Facile accusare di faziosità l’opposizione o liquidarla con frasi ad effetto sempre verdi “…con tutto quello che si sono mangiati…”. Un po’ più difficile replicare quando ad esprimere giudizi negativi sono esponenti del tuo stesso partito.
Insomma, pare proprio che la giunta Cordoma abbia raggiunto la propria massa critica e stia per implodere.
Avevo ancora due o tre cosette da pubblicare…forse è meglio se mi sbrigo.
Il Messaggero – giovedì 25 Settembre 2008
Giunta Cordoma sfiduciata
La rivolta dei consiglieri An
di PIERGIORGIO ORSINI
MONTESILVANO – La giunta di centrodestra di Montesilvano sta rischiando la sfiducia. Dopo lo scandalo dei concorsi, che ha molto scosso la città, già reduce dalla vicenda-Ciclone, arriva il pesante documento-denuncia firmato dai componenti il gruppo consiliare di An che in pratica sconfessa sindaco e giunta. Ottavio De Martinis, il capogruppo Benito Olivieri, Manola Musa, Stefania Di Nicola e Adriano Tocco esprimono «forte perplessità ed un giudizio altamente critico sull’operato della giunta in questi 14 mesi di governo della città». L’accusa di fondo sarebbe la mancanza di informazione al gruppo di An in merito alle scelte dell’amministrazione. Un riferimento, a detta di molti, al primo cittadino e al suo modus operandi. «Non abbiamo mai fatto mancare il nostro appoggio alla coalizione – si legge ancora nel documento -, nemmeno quando le scelte operate dalla giunta hanno suscitato non poche perplessità. Per questo motivo gli scriventi, allo scopo di stimolare maggiore progettualità (come si aspettano i cittadini) chiedono agli assessori di essere informati quanto prima del loro lavoro e dei progetti previsti per il futuro; in caso contrario (e questo passaggio è veramente duro) vogliate considerare ogni componente del gruppo consiliare una mente libera, autonoma e con l’unico intento di rispondere alle esigenze dei cittadini». Tra le righe: fate bene il vostro dovere o ce ne andremo tutti a casa. Ed il rischio di uno tsunami politico-amministrativo a Montesilvano sembra prendere corpo, guradacaso quando si rimette in moto il settore urbanistico. E’ la costante della storia cittadina: cemento uguale affari, interessi, sponde politiche. Anche perchè, gli scontenti del Pdl raccontano che in commissione urbanistica da qualche tempo si è aperta una corsia preferenziale per certi tecnici (Paolo Cilli dell’Udc, ma anche Luigi Marchegiani, un passato transumante tra Margherita e Forza Italia); la cosa ha creato malumori nei membri della stessa commissione. Odoardi, D’Ignazio e Maragno hanno chiesto di esaminare le pratiche edilizie in ordine cronologico, ma sull’altro fronte silenzio assoluto.

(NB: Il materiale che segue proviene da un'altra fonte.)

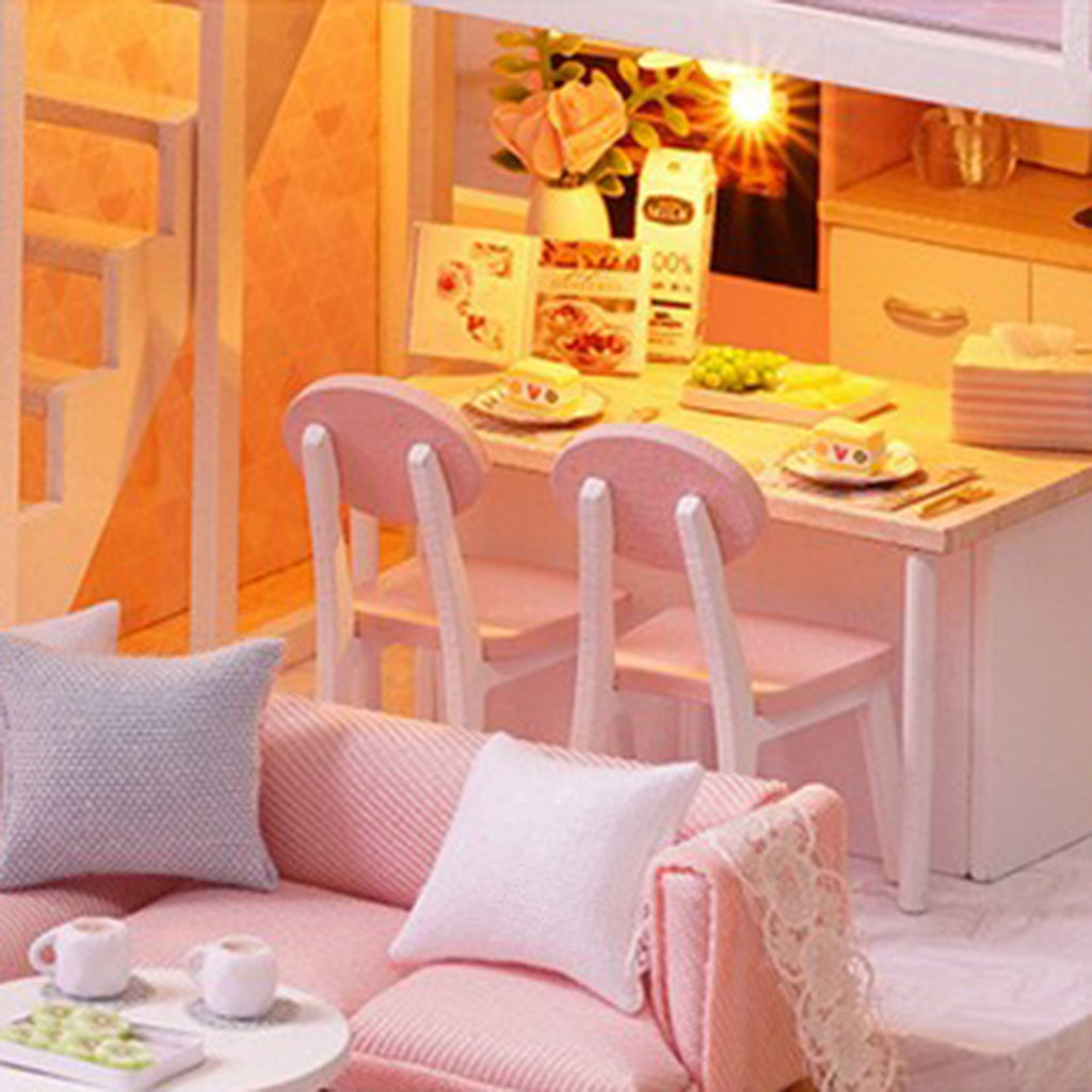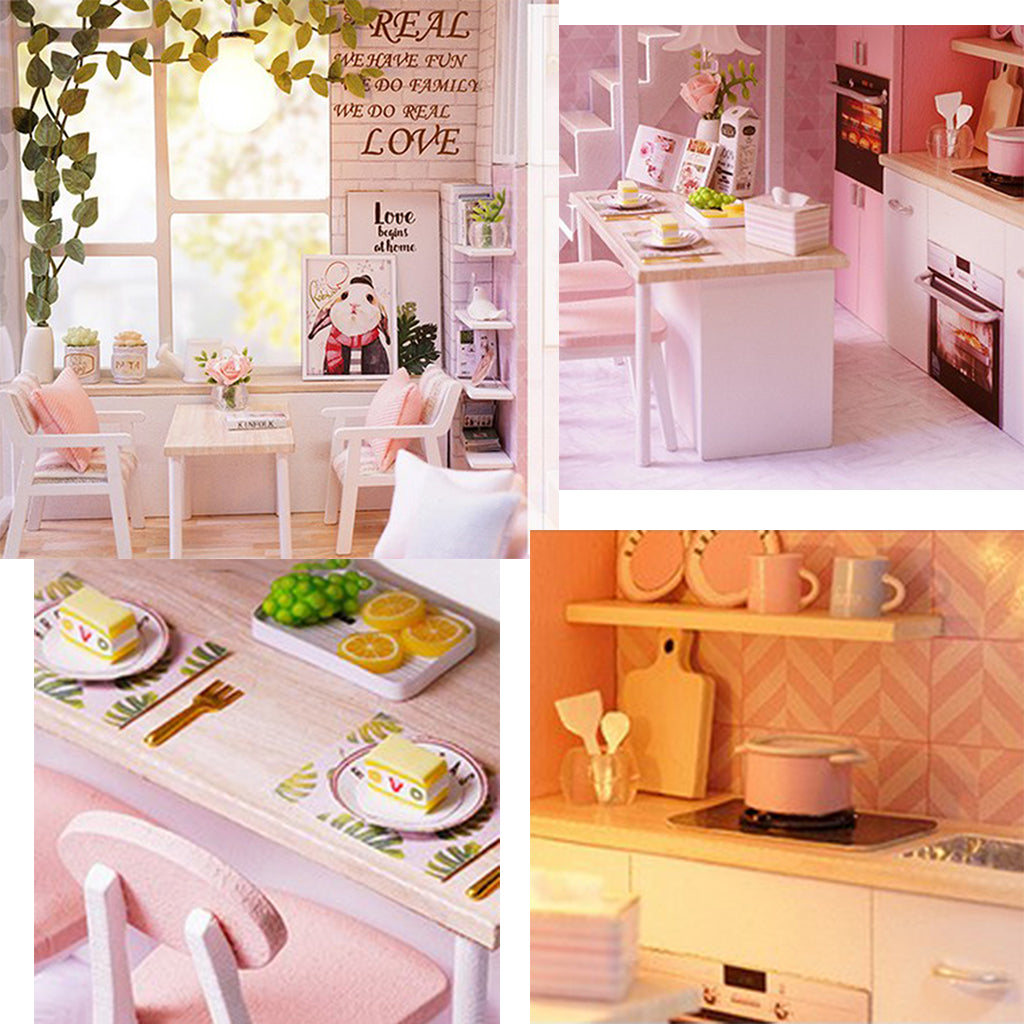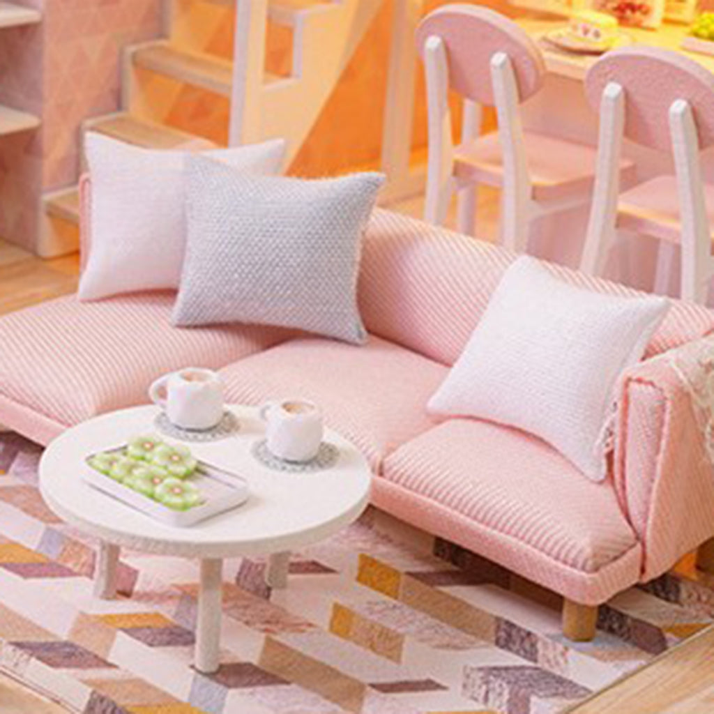 The model with furniture, LED lights and various daily supplies, dust-proof cover, without batteries and glue, very lifelike, very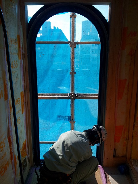 ガラスの上部が丸く変形しているサッシにペアガラスを入れてきました。

No, niente da fare. Rivolta sedata…
Venerdì 26 Settembre 2008
Fronda rientrata
Cordoma mette a tacere i ribelli di An
MONTESILVANO – I frondisti di An hanno perso. Dopo il pesante documento dell’altro giorno, nel quale esprimevano «un giudizio altamente critico sull’operato della giunta durante i 14 mesi di governo della città» ieri ne hano firmato un secondo in cui «intendono sottolineare che la precedente nota potrebbe essere erroneamente intesa come critica all’operato dell’amministrazione». Un rischio concreto per chiunque abbia confidenza con l’italiano. Evidentemente, presi per un orecchio sono stati riportati nei ranghi. Ma allora com’è nata la baruffa del gruppo di An contro il sindaco, di An, Lillo Cordoma? «Probabilmente per inesperienza politica – precisa Claudio Di Emanuele di Fi -, ma più che un atto di accusa si è trattato di un’iniezione di adrenalina per svegliare gli assessori reduci da un periodo di ferie. Ci voleva, ma era inteso a pungolare gli assessori e non il sindaco» Giancarlo Cipolletta, ex An, oggi consigliere di Destra dannunziana dice invece: «La riflessione espressa dai consiglieri di An io l’avevo fatta già da un anno e per questo me ne sono uscito dal gruppo». E dall’opposizione Leo Brocchi aggiunge: «Con questo suo neo peronismo, il sindaco riesce a scontentare pure i suoi amici di partito, il che è imbarazzante per la città». «Finalmente i consiglieri di An – conclude Cristian Odoardi – hanno aperto gli occh. Se le cose non cambieranno, li esorto a dimettersi e noi delle minoranze saremo pronti a fare altrettanto».